• Exercise material
[Start of section]

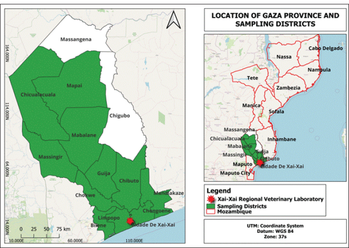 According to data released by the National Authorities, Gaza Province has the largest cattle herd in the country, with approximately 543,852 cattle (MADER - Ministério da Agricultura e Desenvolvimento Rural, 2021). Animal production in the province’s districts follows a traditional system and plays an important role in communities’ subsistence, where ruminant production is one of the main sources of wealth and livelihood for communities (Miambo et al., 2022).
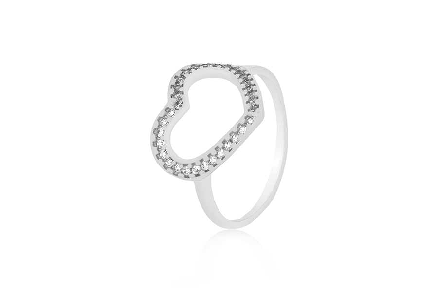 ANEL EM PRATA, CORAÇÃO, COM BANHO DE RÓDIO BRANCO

[End of section]
[Start of section]

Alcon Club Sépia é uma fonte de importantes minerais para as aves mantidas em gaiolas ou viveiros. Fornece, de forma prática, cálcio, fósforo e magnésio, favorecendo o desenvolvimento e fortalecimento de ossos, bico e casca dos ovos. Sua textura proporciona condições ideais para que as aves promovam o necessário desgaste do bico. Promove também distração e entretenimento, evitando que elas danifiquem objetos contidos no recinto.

[End of section]

• Exercise goal
Reproduce the data above exactly, but only from the line containing "According to data" through the line containing "ANEL EM PRATA, CORAÇÃO, COM"; skip the pictures.

• The answer
 According to data released by the National Authorities, Gaza Province has the largest cattle herd in the country, with approximately 543,852 cattle (MADER - Ministério da Agricultura e Desenvolvimento Rural, 2021). Animal production in the province’s districts follows a traditional system and plays an important role in communities’ subsistence, where ruminant production is one of the main sources of wealth and livelihood for communities (Miambo et al., 2022).
 ANEL EM PRATA, CORAÇÃO, COM BANHO DE RÓDIO BRANCO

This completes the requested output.